21 タイトル

 一通り2人で笑いあったあと、夕立は青鬼くんの家に上がって2階でくつろいでいた。


 くつろぐ中で、夕立はまだ話してない話を、いつ切り出そうかと悩んでいた。

 念のために、青鬼くんに尋ねる。


「赤鬼くんって結局ずっと見つかっていないのか」

「うん、どこを探しても見つからなかったよ。まあ随分時間が経っちゃったしね、もうこの世にはいないのかも」


 青鬼くんはさっぱりした顔で悲しいことを言う。

 しかし、すぐに笑顔になり俺に話しかけた。


「でももういいんだ!赤鬼くんを探したおかげで夕立くんと会えたから!」

「俺は、もういいことじゃないと思うよ……」

「いいや、もういいんだ!大丈夫!」


 青鬼くんは笑顔で返事をするが、少し、無理して笑っているのが読み取れた。

 夕立は、そんな青鬼くんを少し困った顔で小さく笑いながら話し始める。


「俺、もう一つ青鬼くんに伝えたいことがあるんだけど…」

「なになに?」

「俺、子供の頃から作家になりたかったんだ」

「えー!そうだったんだ〜」

「うん。でも、昔、同級生に夢を馬鹿にされて、物語から抜け出せない夢みがちなやつだと思われて……それで、それが嫌で、今までずっと、必死に作家になる夢を忘れようとしてたんだけど…」


「無理だった。ただ苦しかっただけだった。夢は諦めようとしても諦めきれるようなものじゃなかったよ」 


「だから俺は青鬼くんも赤鬼くんに会いたいっていう夢を諦めないで欲しいよ。
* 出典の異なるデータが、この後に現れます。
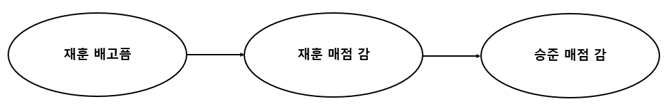 위 예시에서는 재훈이 배고프면 재훈이 매점을 가는데, 재훈이 매점을 가면 승준이 (배가 안 고픈데도 의리로) 매점에 가는 것이다. 즉, 각 노드들이 sequential하게 연결되어 있는 구조를 우리는 cascading이라고 부른다. 세 변수 A, B, C가 A->B->C 형태로 연결되어 있으면 다음과 같은 조건부 독립이 성립한다. 즉, B가 주어지면 A와 C는 독립인 것이다.
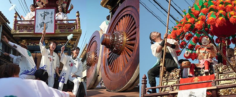 Ces chars Hikiyama constituent un patrimoine culturel précieux au Japon, des structures imposantes sculptées à la main, magnifiquement laquées et équipées d’énormes roues de chariot en bois.

…叶うかは分かんないけど…頑張って諦めようって思っても、胸が苦しくなるだけだと思う……」


 長い話を聞いてくれた青鬼くんは、静かに返事をした。

「…そうだね、そうするよ」


 青鬼くんの短い返事に、俺はうれしくなった。



「でもさ、無我夢中に探しまわっても赤鬼くんには会えない気がする…世界って広いよね〜…」

「……!!」


 夕立はいつのまにか話が脱線していたことに気づき、「はっ…!」とする。

 そしてようやくずっと思ってた話を切り出した。


「そう、それで!本題なんだけど…!赤鬼くんから青鬼くんに会いに来てもらうのはどうかな!」

「そんな方法があったらとっくの昔にやってるよ〜」

「青鬼くんは「泣いた赤鬼」を読んで赤鬼くんの気持ちを知ったんだよな?」

「………うん」



「だから、作っちゃえばいいんだよ…!」



「えっと……なにを?」

「絵本を!!」



 夕立の突拍子のない発言に、青鬼くんが目を丸くする。


「俺が作家になって『泣いた赤鬼』みたいな本を書くよ…!青鬼くんが赤鬼くんに会いたがってるって内容の本!そしたらその本が本屋に並んで、赤鬼くんがどこかで見つけてくれるんじゃないかな…!」


「………」


 青鬼くんはうんともすんとも言わなくなってしまったら。青鬼くんの反応に、夕立は少し自信を無くしながら話を続ける。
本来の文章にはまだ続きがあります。